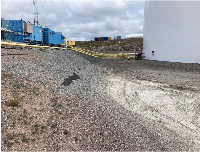
Photograph G1-1 Baker Lake Tank Farm
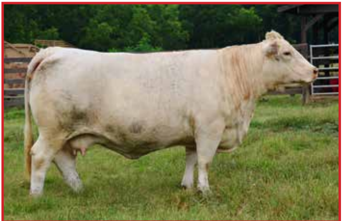
OHF Vanessa G101 P— Dam of Lots 370-372

AI 3-23-17 to M6 Comfort Zone 227 P and PE 3-24-17 to 8-15-17 to M6 Comfort Zone 565
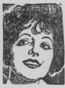
CLARA BOW will be in four big specials, the first "The Fleet's In", with James Hall, one by Eliaor Glyn and two more.
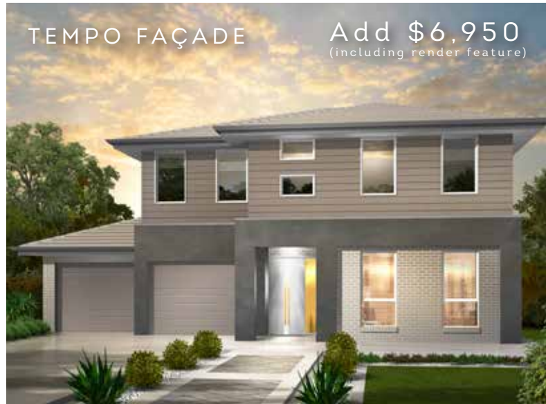
TEMPO FAÇADE Add $6,950 (including render feature)
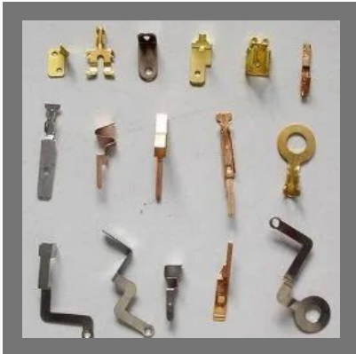
Assembly Pressed Component Job Work Service
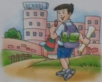
Vicky is going to school.
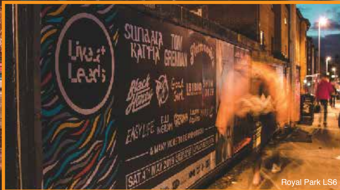
Royal Park LS6
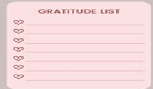
5 minute journal
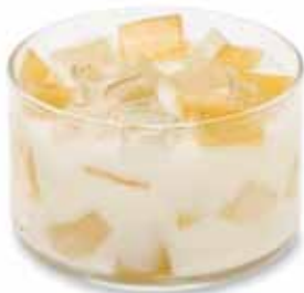
Almond Biscotti ▲ Twice-baked almond cookies. CBAB
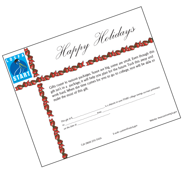
Printable gift cards are also available with Christmas, Hanukkah and Kwanzaa themes.

Deposits will also be accepted in person in the Mobile/ Manchac Room on the first floor of the Galvez Building in downtown Baton Rouge at 602 North Fifth Street from 8:30 a.m. until 3:00 p.m. Wednesday, December 26 through Friday, December 28. Parking is available in the Galvez Parking Garage on North Street and parking can be validated by the Galvez Building Security guard on duty. For more information, contact the Office of Student Financial Assistance toll-free at 1-800-259-5626.
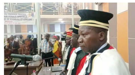
In the Central African Republic, fighting impunity is the priority of the Joint Rule of Law Programme. The Special Criminal Court delivered its first verdict in 2022.

In 2022, GFP delivered catalytic funding and technical expertise to joint rule of law programming in the Central African Republic, the Democratic Republic of the Congo, Haiti, Libya, Mali, Niger, Somalia and Sudan.

◆ Your instructions: Reproduce the lines above starting at the one with "AI 3-23-17 to" and ending at the one with "Assembly Pressed Component Job Work Service", both included, exactly and with no pictures.

◆ The completed task:
AI 3-23-17 to M6 Comfort Zone 227 P and PE 3-24-17 to 8-15-17 to M6 Comfort Zone 565
CLARA BOW will be in four big specials, the first "The Fleet's In", with James Hall, one by Eliaor Glyn and two more.
TEMPO FAÇADE Add $6,950 (including render feature)
Assembly Pressed Component Job Work Service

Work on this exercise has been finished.